** What to do **
What is needed is a word-for-word copy of the lines below from the one with "Але з відкритих" through the one with "公務員試験の倍率は年々下がり、筆記のボーダーも低くなってきています‼", both included, with every picture left out.

(Material provided Opens)

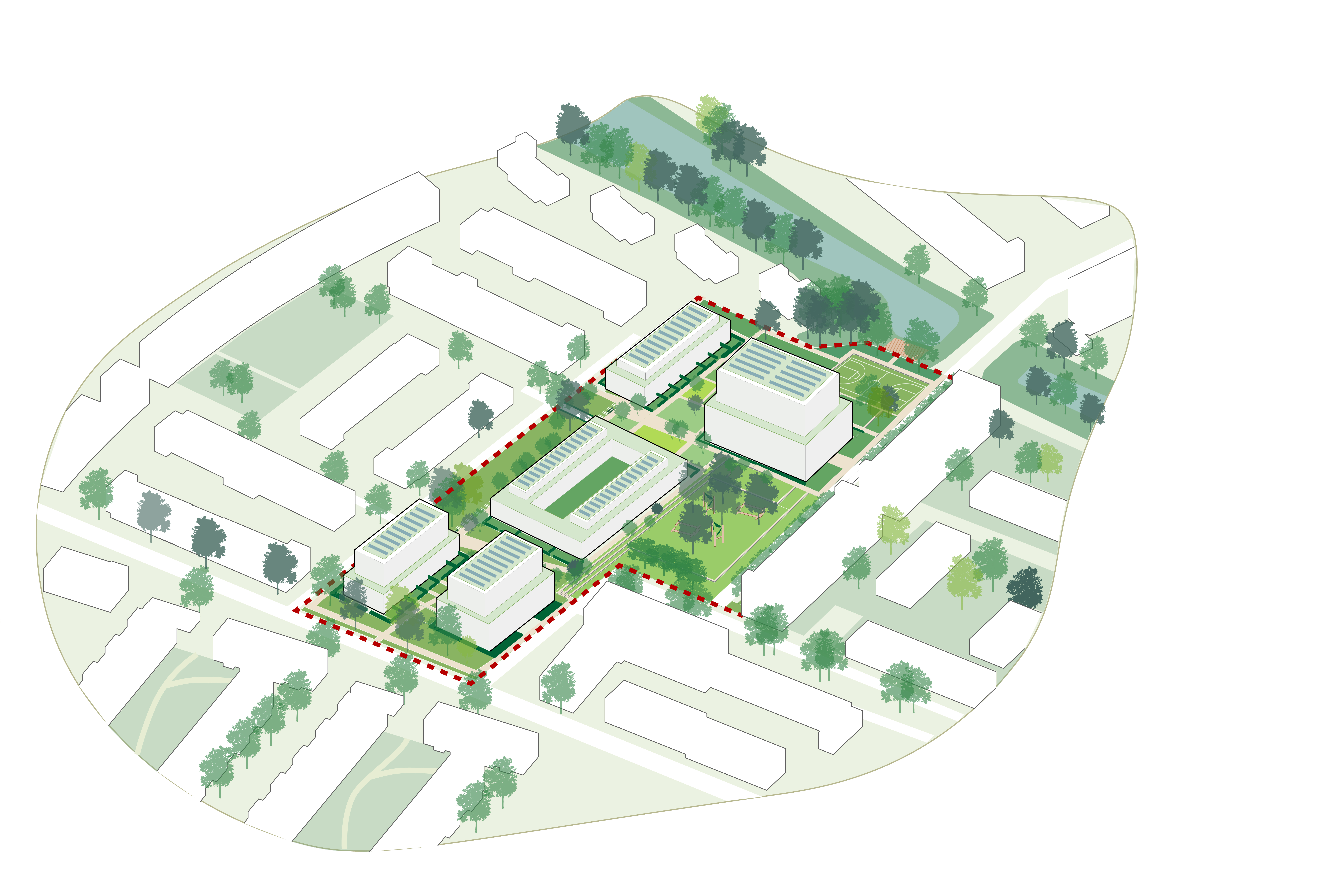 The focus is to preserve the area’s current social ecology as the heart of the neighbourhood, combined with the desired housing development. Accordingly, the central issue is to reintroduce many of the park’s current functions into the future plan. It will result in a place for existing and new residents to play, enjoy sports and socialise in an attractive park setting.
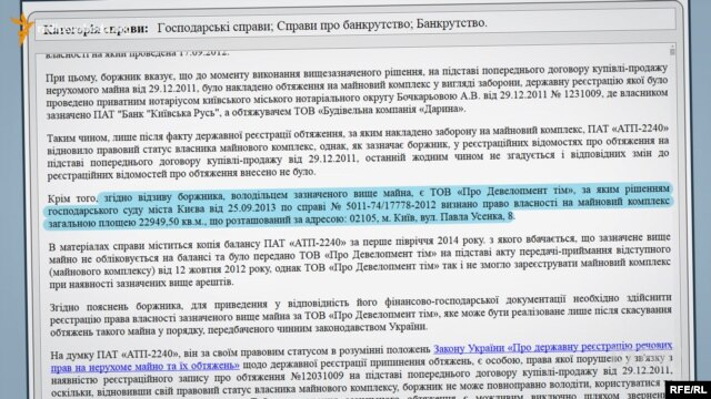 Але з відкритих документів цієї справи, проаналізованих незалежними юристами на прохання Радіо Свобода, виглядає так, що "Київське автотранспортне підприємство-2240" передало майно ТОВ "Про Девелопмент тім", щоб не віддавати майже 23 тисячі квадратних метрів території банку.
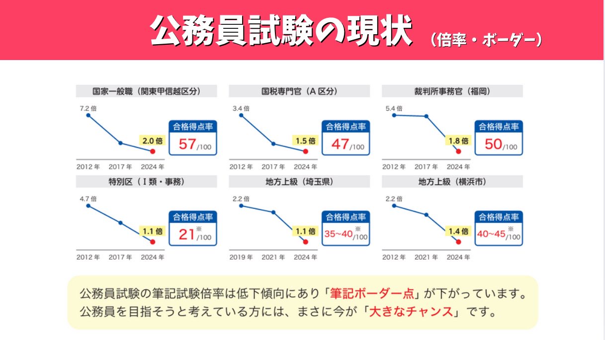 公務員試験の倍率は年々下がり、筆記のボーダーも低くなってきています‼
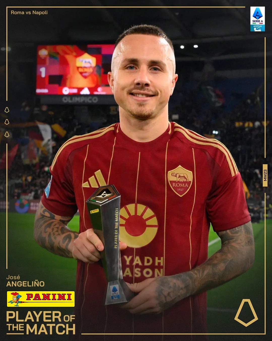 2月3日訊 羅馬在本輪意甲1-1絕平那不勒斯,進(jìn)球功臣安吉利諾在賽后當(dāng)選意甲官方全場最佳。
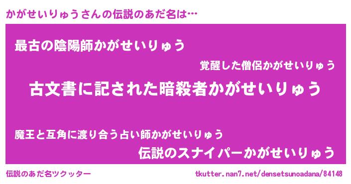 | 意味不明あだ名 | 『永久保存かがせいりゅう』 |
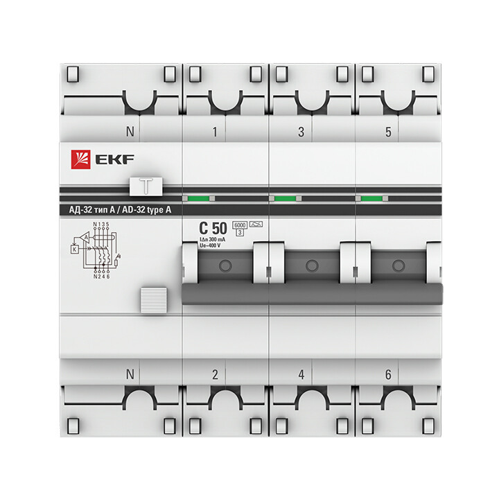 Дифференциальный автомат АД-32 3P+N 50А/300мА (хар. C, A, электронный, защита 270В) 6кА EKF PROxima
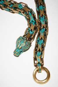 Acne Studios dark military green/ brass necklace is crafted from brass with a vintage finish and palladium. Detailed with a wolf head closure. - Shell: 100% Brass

(Material provided Closes)

** Response to the task **
 Але з відкритих документів цієї справи, проаналізованих незалежними юристами на прохання Радіо Свобода, виглядає так, що "Київське автотранспортне підприємство-2240" передало майно ТОВ "Про Девелопмент тім", щоб не віддавати майже 23 тисячі квадратних метрів території банку.
 公務員試験の倍率は年々下がり、筆記のボーダーも低くなってきています‼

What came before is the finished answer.